Todas essas reformas microeconômicas têm como objetivo reduzir a complexidade do sistema financeiro e criar incentivos para um maior compartilhamento de informações, reduzindo as assimetrias que distorcem excessivamente os custos do crédito. Trataremos dessas medidas nos próximos artigos. Nesse momento abordaremos uma outra característica do sistema financeiro, que diz respeito às origens dos recursos que financiam os agentes econômicos.

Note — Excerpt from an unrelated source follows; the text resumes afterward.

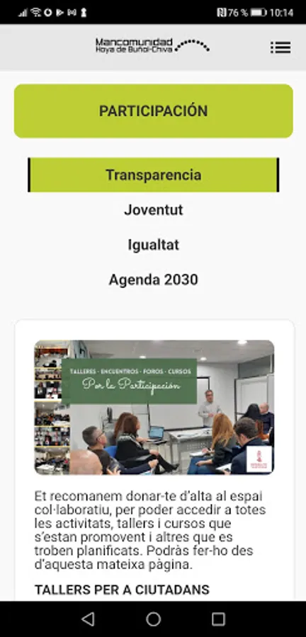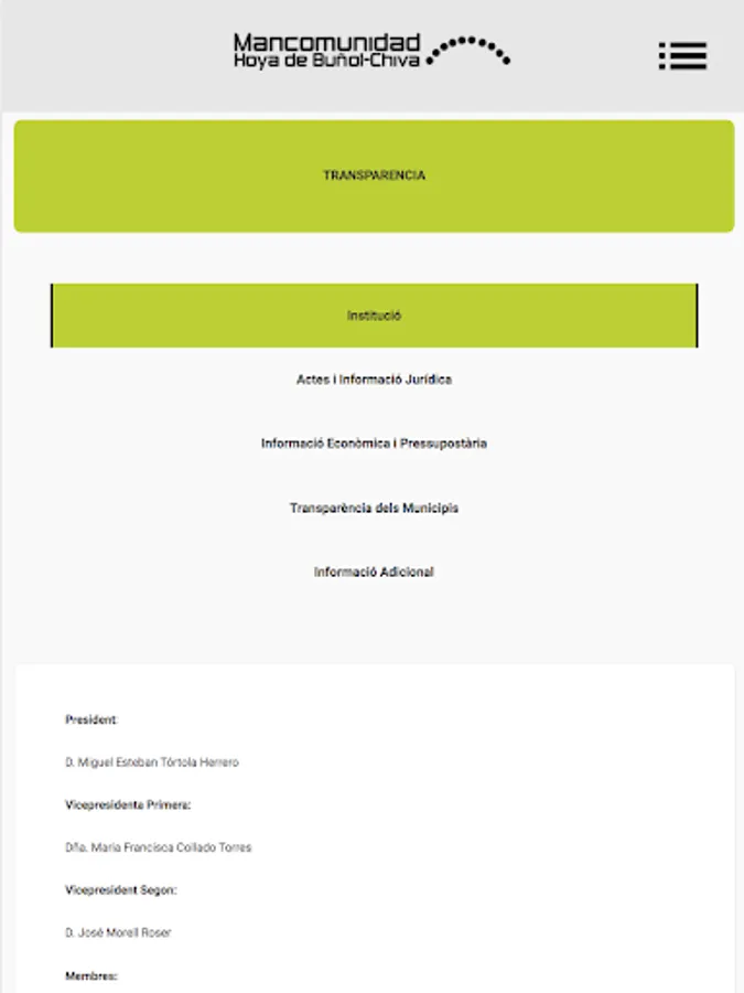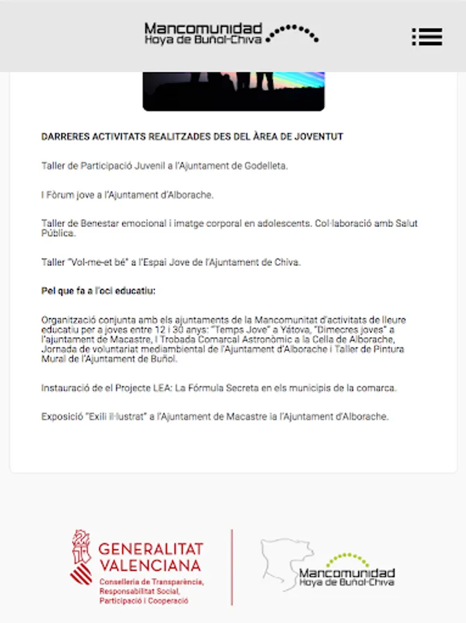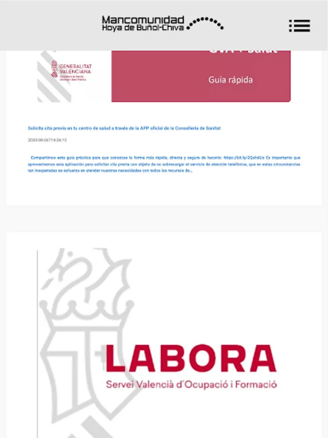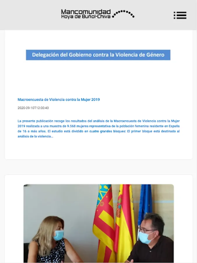The App of the Mancomunidad de la Hoya de Buñol-Chiva is a mirror mobile application, which means that its content will be based on that published on the website of the public institution. It is therefore an information consultation platform for smartphones and tablets. Thus, by launching this mobile application, the Mancomunidad, with the collaboration of the Conselleria de Transparència, Responsabilitat Social, Participació i Cooperació of the Generalitat Valenciana, seeks to adapt to the new forms of consumption and communication needs of citizens.

Olhando atentamente aos dados, é importante registrar a mudança na composição do crédito na última década e meia: desde 2001, é possível ver um aumento de sua trajetória – que passou de 25,6% do PIB 49,3% em 2016. Em 2001, não tínhamos o crédito consignado e o crédito imobiliário representava menos de 5% da carteira de pessoa física. Hoje, a soma de tais modalidades já representa mais de 50% da carteira. O aumento substancial no período mencionado não foi ocasional, mas sim reflexo de uma de suas características: a segurança da concessão, uma vez que a incidência de juros é relativamente baixa comparado às demais modalidades e a inadimplência torna-se pequena.

A inadimplência, por sua vez, pode ser explicada por dois fatores: um direto, ligado à origem dos recursos, e outro indireto, ligado à composição dos spreads. O primeiro deles decorre do montante de recursos direcionados ofertados no sistema, originados em boa parte do orçamento governamental e que hoje possuem praticamente representação de 50% do total de recursos existentes na economia. O problema é que este tipo de crédito possui, majoritariamente, taxas pré-fixadas de juros estipuladas pelo governo que ficam artificialmente bastante abaixo da média de mercado, uma vez que são destinadas a investimentos, aquisições de longo prazo entre outras modalidades.

Já o segundo fator acaba sendo uma consequência do primeiro. Como o risco de concessão de crédito é inerente ao processo, toda margem encolhida artificialmente através da imposição de taxas pré-fixadas acaba sendo “jogada” para as modalidades livres. Com isso, a consequência final é que o encarecimento desse último tipo de crédito, utilizado preponderantemente para consumo, também fica artificialmente alterado, mas com viés de elevação.

A ponderação de risco entre as duas categorias (direcionados e livres) é completamente diferente uma da outra, visto que a origem, determinação de taxas, garantias de pagamento dos tomadores, entre outros são bastante variadas. Portanto, para o concedente, restam apenas duas opções: deixar de ofertar crédito ou elevar os spreads a níveis bastante elevados, de forma que haja uma compensação dessa gama de incertezas que imperam no mercado de crédito.

Em suma, atacar os problemas ligados aos spreads deverá trazer grandes melhorias dos níveis finais de juros. O problema é que as políticas econômicas para tratar o assunto ainda são consideradas insuficientes, pois não resolvem o cerne do problema, que é a excessiva regulação do sistema ocasionada pela imensa vinculação de recursos direcionados e suas taxas pré-estipuladas. Portanto, o caminho ainda parece muito longo, pois simples normas infraconstitucionais não deverão dar conta das mudanças desejadas.

(*) Artigo originalmente publicado pelo site do IBEF (Instituto Brasileiro de Executivos de Finanças de São Paulo) em 27 de março de 2017.